Его глаза сияли, душа пела. Впервые в жизни Наджиб ощутил, как прилив чистой, незамутненной радости переполняет его с такой силой, что ему казалось, будто он оторвался от земли и воспарил в воздух.
И подумать только, он понятия не имел, что такие чувства могут существовать!
В следующее мгновение, однако, эйфория начала угасать.

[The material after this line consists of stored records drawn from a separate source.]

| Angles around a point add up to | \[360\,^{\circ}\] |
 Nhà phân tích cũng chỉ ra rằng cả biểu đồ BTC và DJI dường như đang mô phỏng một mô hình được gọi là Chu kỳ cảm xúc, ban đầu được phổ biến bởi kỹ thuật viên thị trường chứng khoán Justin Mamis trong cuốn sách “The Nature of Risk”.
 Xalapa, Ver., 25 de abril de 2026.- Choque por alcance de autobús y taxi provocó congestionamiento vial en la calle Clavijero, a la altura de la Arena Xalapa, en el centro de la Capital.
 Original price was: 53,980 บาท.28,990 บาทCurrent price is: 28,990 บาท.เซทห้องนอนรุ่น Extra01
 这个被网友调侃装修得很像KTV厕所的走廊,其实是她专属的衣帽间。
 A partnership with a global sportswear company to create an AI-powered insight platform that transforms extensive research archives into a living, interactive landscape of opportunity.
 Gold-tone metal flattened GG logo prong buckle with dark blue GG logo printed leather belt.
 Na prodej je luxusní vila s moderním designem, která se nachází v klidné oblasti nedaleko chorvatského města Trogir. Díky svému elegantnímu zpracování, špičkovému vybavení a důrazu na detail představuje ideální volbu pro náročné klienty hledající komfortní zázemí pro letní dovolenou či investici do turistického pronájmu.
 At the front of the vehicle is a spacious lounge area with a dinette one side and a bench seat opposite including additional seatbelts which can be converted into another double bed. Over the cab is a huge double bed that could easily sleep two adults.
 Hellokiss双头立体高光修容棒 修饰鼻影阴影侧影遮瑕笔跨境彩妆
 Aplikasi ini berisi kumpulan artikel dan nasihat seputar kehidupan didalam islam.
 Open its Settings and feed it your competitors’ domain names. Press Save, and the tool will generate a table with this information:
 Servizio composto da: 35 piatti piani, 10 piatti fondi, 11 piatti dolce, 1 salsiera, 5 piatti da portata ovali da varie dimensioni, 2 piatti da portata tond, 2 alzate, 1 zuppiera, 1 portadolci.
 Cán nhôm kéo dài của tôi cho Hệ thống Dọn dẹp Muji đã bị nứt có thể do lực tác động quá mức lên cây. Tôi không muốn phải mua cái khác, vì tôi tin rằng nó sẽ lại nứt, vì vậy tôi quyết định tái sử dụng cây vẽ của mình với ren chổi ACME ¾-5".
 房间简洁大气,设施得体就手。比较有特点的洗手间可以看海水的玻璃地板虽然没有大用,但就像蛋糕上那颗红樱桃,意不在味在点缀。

Что за вздор, все эти эмоции! – подумалось ему, когда вдохновение сменилось унынием. Какой толк от любви? В действительности он и она – две разные вселенные. Они несовместимы – ни с религиозной, ни с этнической точек зрения. Но, даже если эти две пропасти и можно преодолеть, остается еще Абдулла. Его дядя никогда и слышать не захочет о подобном союзе, не говоря уж о том, чтобы его допустить. Полетят головы, а если точнее – головы Наджиба аль-Амира и Дэлии Боралеви.
Он чувствовал, как стены надвигаются на него, не оставляя выхода.
В его ушах громко и отчетливо зазвучала угроза, произнесенная Абдуллой много лет назад. Если он когда-либо встанет на путь предательства, то умрет не только он сам, но и весь его род, прошлый, настоящий и будущий. Он, его стареющие родители, живущие в пригороде Бейрута, возможно, даже Ясмин, его нелюбимая жена, на которой он когда-то был женат. Все до единого мужчины, женщины и дети, в которых текла одна с ним кровь, все племянницы и племянники, дяди и тети – все, кроме, конечно, самого Абдуллы!
Он не сводил глаз с ослепительного солнца, и вдруг его как громом поразило, и еще одна дверь распахнулась навстречу ослепительному свету.
Мир без Абдуллы с его безумием, более безопасный здоровый мир, где его данный много лет назад обет верности не будет иметь силы…
Вспыхнувшее видение целиком завладело Наджибом, он чувствовал, как волнение все сильнее охватывает его.
Тучи уныния постепенно уносились прочь. Он понял, как следует поступить, и это было так просто, так элементарно просто. Это нельзя будет назвать убийством, скорее хирургическая операция, призванная вырезать смертельнейшую и опаснейшую раковую опухоль. И, если роль хирурга выпала ему, так тому и быть. Благодаря ей мир станет лучше: ядро смертельно опасной террористической клетки будет уничтожено раз и навсегда; источник финансовой и военной помощи международному терроризму будет перекрыт; станет меньше убийств, меньше невинных жертв, меньше бомб и снайперов, меньше угонов на авиалиниях. Мир получит шанс стать лучше, даже если он так и останется только шансом.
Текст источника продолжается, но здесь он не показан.